Task details ->
For the entries below, the result should be an exact transcription of the lines from the one with "楓2組(2歳児)は、お部屋であそんだあと、遊戯室でもあそびました。" up to and including the one with "Tailored 3-roll-2 button", and only those.

Records for the exercise ->
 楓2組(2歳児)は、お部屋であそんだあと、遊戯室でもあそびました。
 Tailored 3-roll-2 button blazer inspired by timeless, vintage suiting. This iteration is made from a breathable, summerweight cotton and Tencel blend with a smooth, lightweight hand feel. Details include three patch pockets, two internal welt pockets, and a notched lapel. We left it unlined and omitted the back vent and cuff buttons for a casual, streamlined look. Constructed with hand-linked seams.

---

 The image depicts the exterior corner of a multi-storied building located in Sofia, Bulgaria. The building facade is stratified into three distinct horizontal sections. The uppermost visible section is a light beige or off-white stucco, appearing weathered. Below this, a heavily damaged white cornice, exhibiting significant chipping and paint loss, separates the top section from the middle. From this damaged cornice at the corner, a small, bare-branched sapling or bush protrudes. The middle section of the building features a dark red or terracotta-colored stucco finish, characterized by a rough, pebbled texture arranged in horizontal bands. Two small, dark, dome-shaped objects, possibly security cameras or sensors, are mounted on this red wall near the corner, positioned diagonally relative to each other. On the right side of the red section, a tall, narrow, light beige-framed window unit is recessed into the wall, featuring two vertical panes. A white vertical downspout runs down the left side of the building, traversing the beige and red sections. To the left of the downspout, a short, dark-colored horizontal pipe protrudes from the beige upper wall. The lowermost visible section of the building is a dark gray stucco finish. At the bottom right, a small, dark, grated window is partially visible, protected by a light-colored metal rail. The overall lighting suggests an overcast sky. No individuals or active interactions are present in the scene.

Result for this task ->
 楓2組(2歳児)は、お部屋であそんだあと、遊戯室でもあそびました。
 Tailored 3-roll-2 button blazer inspired by timeless, vintage suiting. This iteration is made from a breathable, summerweight cotton and Tencel blend with a smooth, lightweight hand feel. Details include three patch pockets, two internal welt pockets, and a notched lapel. We left it unlined and omitted the back vent and cuff buttons for a casual, streamlined look. Constructed with hand-linked seams.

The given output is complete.